Gibson Distilling is an Alabama Maker barreling bourbon and bottling moonshine in the Wiregrass

Michael Tomberlin

Gibson Distilling Inc. (Headland)

The Makers: Lloyd and Kay Keel

Gibson Distilling in Headland is out to make drinking Alabama-made whiskey not only tasty and fun, but downright patriotic.

The distilling company recently released its latest offering – an unaged corn whiskey made with red, white and blue corn – just in time for the Fourth of July.

It joins a pretty robust product line for a small distillery in a small Alabama town.

It’s all a surprise to owners Lloyd and Kay Keel, who are amazed and thankful at how fast the business is growing.

The products are sold under the George Gibson label. “George” is Lloyd’s first name and “Gibson” comes from a local man who may have known a thing or two about moonshining. The new red, white and blue whiskey carries a George Keel label, after Lloyd, the master distiller.

Gibson Distilling Company is an Alabama moonshine maker with a flair for flavors from Alabama NewsCenter on Vimeo.

For Keel, making whiskey is something he has … uh … experimented with since the 1970s. He studied the process and had a lot of trial and error before he felt like he had something others would want to buy.

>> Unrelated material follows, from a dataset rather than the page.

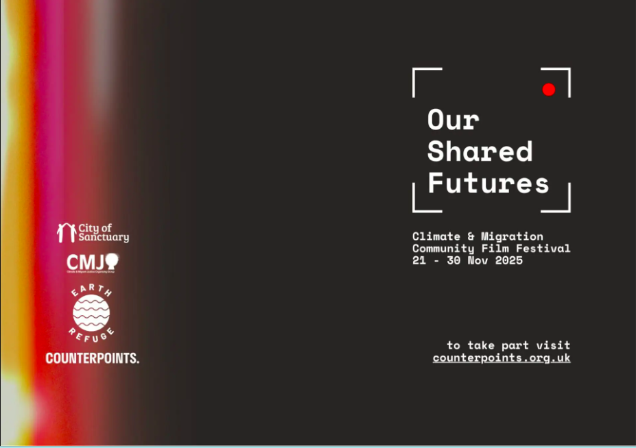 We are excited to announce the Our Shared Futures: Climate & Migration Community Film Festival 2025, curated by Counterpoints Arts in partnership with Earth Refuge, CMJ (Climate & Migrant Justice Organising Group), and City of Sanctuary.

He got a federal permit in 2014 and started making and barreling his first bourbon.

“It’s like a chemistry set,” he said. “You get to go out and experiment and do different things.”

He had to wait two years for it to age before he could start bottling and selling that first batch.

When he did, it was more popular than he expected. After a few calculations, he realized he was going to sell out of the bourbon and rye whiskeys before his next batches would age out.

“It’s a little difficult to forecast your demand” two years out, he said.

That’s when Keel focused on vodka, gin and flavored moonshines.

“Those have been a really good business decision,” Keel said. “We’re selling a lot of the flavored products now. People just love our vodka and we have our gin and we sell a lot of gin, too.”

The flavored moonshines now make up a large part of Gibson Distilling’s business. They offer Southern favorites like peach, blackberry, blueberry and apple pie along with an unusual offering of coffee-flavored moonshine.

Gibson Distilling uses Headland Roasting Company’s Southern Pecan and Jamaican Me Crazy coffees for its coffee-flavored moonshine. While most who visit Gibson Distilling’s tasting room are hesitant to try it, those who do end up buying a bottle to carry home, Keel said.

Keel said he has freedom to try new flavors.

“I’m always back there in the back tinkering,” he said. “We’re a small distillery. I can afford to play a little bit and if I make a bad batch, well, we will just use it as fire starter.”

While the distillery may be small, it is growing.

“We’ve had to get really busy and start producing more and more,” Keel said. “We just got two new 1,600-gallon fermenters that we will try to bring online fall of this year.”

They are also adding about 4,000 square feet to the distillery.

Keel said his bourbon is made with 80 percent corn, 12 percent rye and 8 percent barley. The flavor is “just the way I like it,” Keel said, but said others have compared the flavor profile to Weller bourbon.

The rye whiskey is made with 90 percent rye and 10 percent barley.

The new red, white and blue label is made with 50 percent white corn, 25 percent Butchers Apron red corn and 25 percent Hopi Blue corn.

“We find that those work better for us than the yellow corn,” Keel said. “They’re much more smooth when you actually have a finished product than the yellow corn. It costs a little more, but, hey, I like it better.”

While Keel is “tinkering” in the back at the distillery, his wife and co-owner, Kay, is running the tasting room and handling sales out front.

“Kay is my official taster,” Lloyd said.

The company is marketing through the state’s ABC Stores from Montgomery south to the Florida line and from Andalusia east to the Georgia line. It can also be found in some restaurants, bars and independent liquor stores.

For now, that’s about as much as Gibson Distilling can manage.

“It’s just moving forward at a pace that it’s been a little challenging to keep up with,” Keel said.


Gibson Distilling Inc.

The product: Bourbon, rye and corn whiskeys, gin, vodka, flavored moonshines.

Take home: A George Gibson bourbon, a George Gibson Blueberry Moonshine and a George Keel Red, White and Blue limited-edition corn whiskey (prices vary).